* **Prompt**
Your job with the data below: print everything from the line that holds "В нелинейной электрической" down to the line that holds "- pod každým", ends included, exactly, and nothing else.

* **Input**
"""

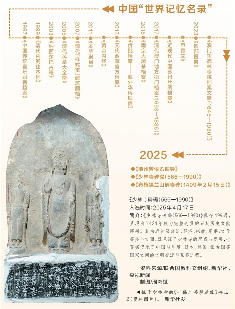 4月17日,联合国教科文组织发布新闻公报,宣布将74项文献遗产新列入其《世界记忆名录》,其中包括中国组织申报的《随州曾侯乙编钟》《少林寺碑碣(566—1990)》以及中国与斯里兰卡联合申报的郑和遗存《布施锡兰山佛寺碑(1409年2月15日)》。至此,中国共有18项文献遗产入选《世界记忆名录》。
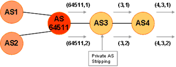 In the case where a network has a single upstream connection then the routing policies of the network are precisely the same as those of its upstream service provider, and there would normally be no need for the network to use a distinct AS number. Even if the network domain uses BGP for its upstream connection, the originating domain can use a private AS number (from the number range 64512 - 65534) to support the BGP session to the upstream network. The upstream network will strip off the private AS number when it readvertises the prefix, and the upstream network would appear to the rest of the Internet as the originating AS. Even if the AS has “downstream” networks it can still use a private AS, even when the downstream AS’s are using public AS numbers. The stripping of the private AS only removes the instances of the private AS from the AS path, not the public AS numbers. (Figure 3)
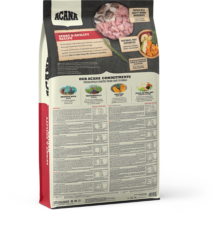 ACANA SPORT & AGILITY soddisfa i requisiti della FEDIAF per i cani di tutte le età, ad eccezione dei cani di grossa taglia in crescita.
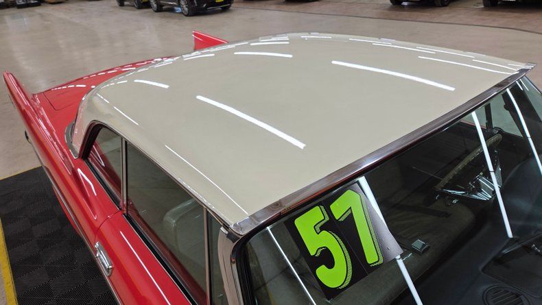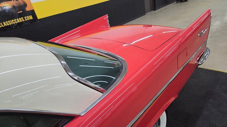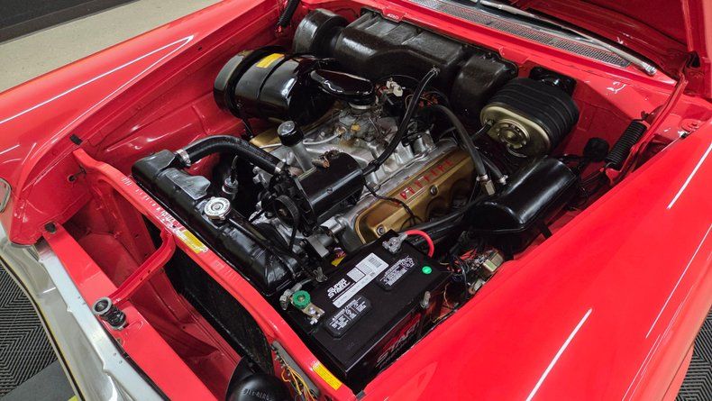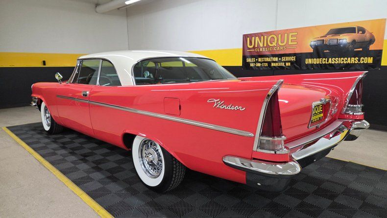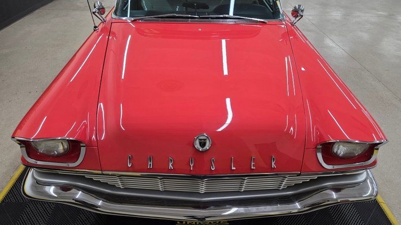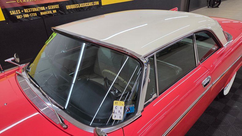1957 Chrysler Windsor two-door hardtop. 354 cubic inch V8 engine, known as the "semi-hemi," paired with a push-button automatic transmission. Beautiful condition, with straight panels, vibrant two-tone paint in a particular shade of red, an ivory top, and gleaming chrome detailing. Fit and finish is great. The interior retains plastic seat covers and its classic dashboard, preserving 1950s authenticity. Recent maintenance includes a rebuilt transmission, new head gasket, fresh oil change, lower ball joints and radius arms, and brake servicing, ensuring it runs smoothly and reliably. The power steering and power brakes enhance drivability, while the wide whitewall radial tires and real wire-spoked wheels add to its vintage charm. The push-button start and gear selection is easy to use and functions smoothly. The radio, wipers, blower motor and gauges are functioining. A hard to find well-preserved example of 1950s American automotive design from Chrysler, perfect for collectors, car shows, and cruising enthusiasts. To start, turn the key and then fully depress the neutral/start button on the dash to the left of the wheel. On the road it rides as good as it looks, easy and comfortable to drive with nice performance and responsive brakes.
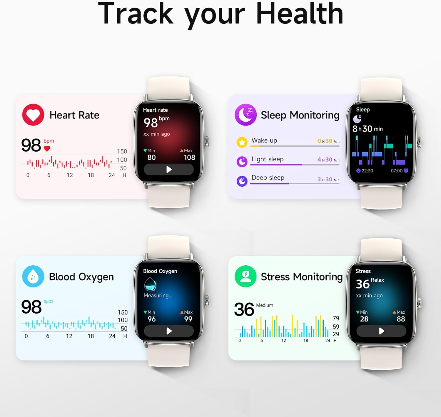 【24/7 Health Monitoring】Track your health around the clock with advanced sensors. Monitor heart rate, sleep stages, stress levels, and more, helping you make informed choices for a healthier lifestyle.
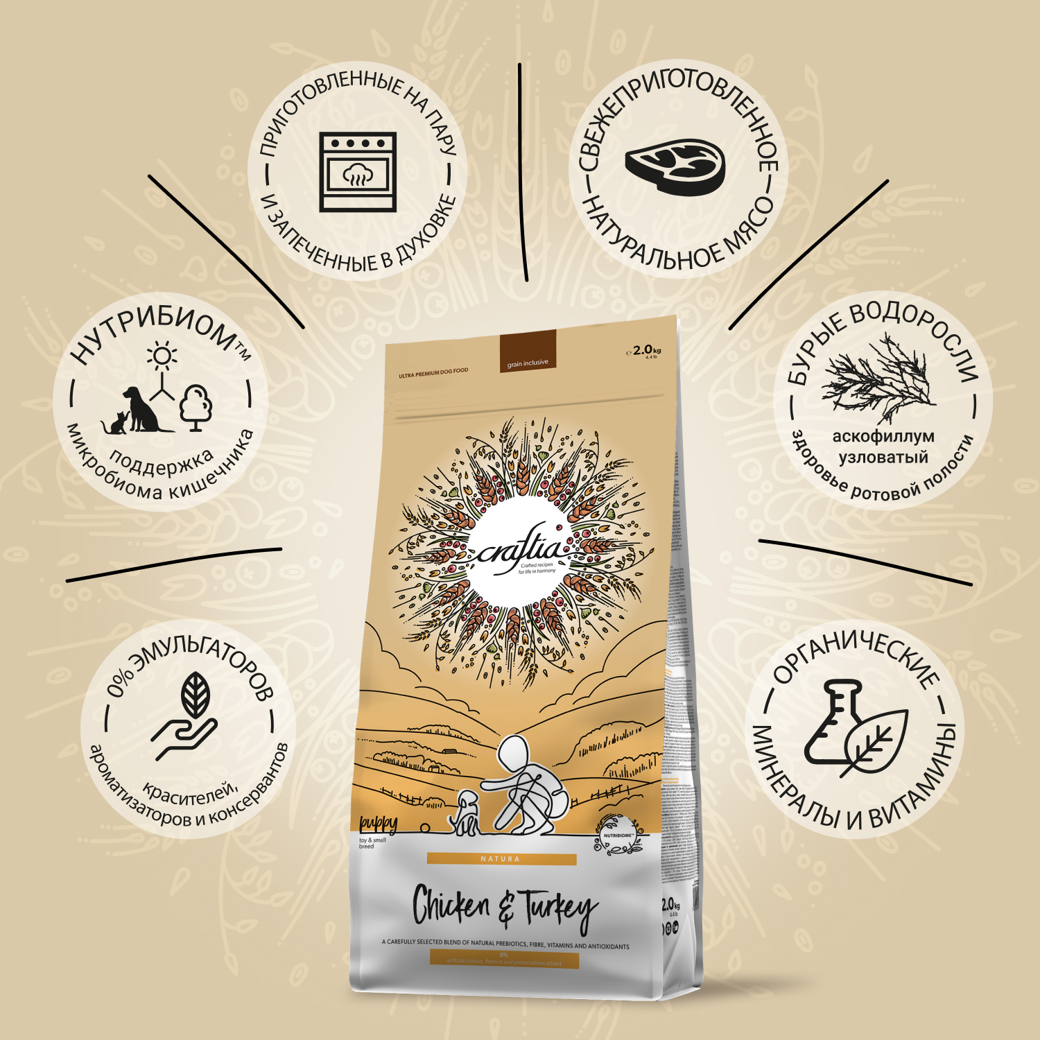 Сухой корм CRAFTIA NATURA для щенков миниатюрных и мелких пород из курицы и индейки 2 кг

"""
"""

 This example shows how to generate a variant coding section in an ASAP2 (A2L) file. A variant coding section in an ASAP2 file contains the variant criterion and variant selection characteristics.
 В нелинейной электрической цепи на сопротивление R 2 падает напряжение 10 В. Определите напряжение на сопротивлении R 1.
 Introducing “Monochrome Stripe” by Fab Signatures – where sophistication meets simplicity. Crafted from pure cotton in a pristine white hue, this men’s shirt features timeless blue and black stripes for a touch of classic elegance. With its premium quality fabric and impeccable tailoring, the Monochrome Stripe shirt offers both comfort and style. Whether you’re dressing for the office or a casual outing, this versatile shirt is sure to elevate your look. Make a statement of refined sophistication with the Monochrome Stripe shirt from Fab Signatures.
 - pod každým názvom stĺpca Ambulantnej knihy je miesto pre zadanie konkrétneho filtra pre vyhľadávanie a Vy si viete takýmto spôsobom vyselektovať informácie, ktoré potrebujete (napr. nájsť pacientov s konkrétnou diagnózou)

"""

* **Written answer**
 В нелинейной электрической цепи на сопротивление R 2 падает напряжение 10 В. Определите напряжение на сопротивлении R 1.
 Introducing “Monochrome Stripe” by Fab Signatures – where sophistication meets simplicity. Crafted from pure cotton in a pristine white hue, this men’s shirt features timeless blue and black stripes for a touch of classic elegance. With its premium quality fabric and impeccable tailoring, the Monochrome Stripe shirt offers both comfort and style. Whether you’re dressing for the office or a casual outing, this versatile shirt is sure to elevate your look. Make a statement of refined sophistication with the Monochrome Stripe shirt from Fab Signatures.
 - pod každým názvom stĺpca Ambulantnej knihy je miesto pre zadanie konkrétneho filtra pre vyhľadávanie a Vy si viete takýmto spôsobom vyselektovať informácie, ktoré potrebujete (napr. nájsť pacientov s konkrétnou diagnózou)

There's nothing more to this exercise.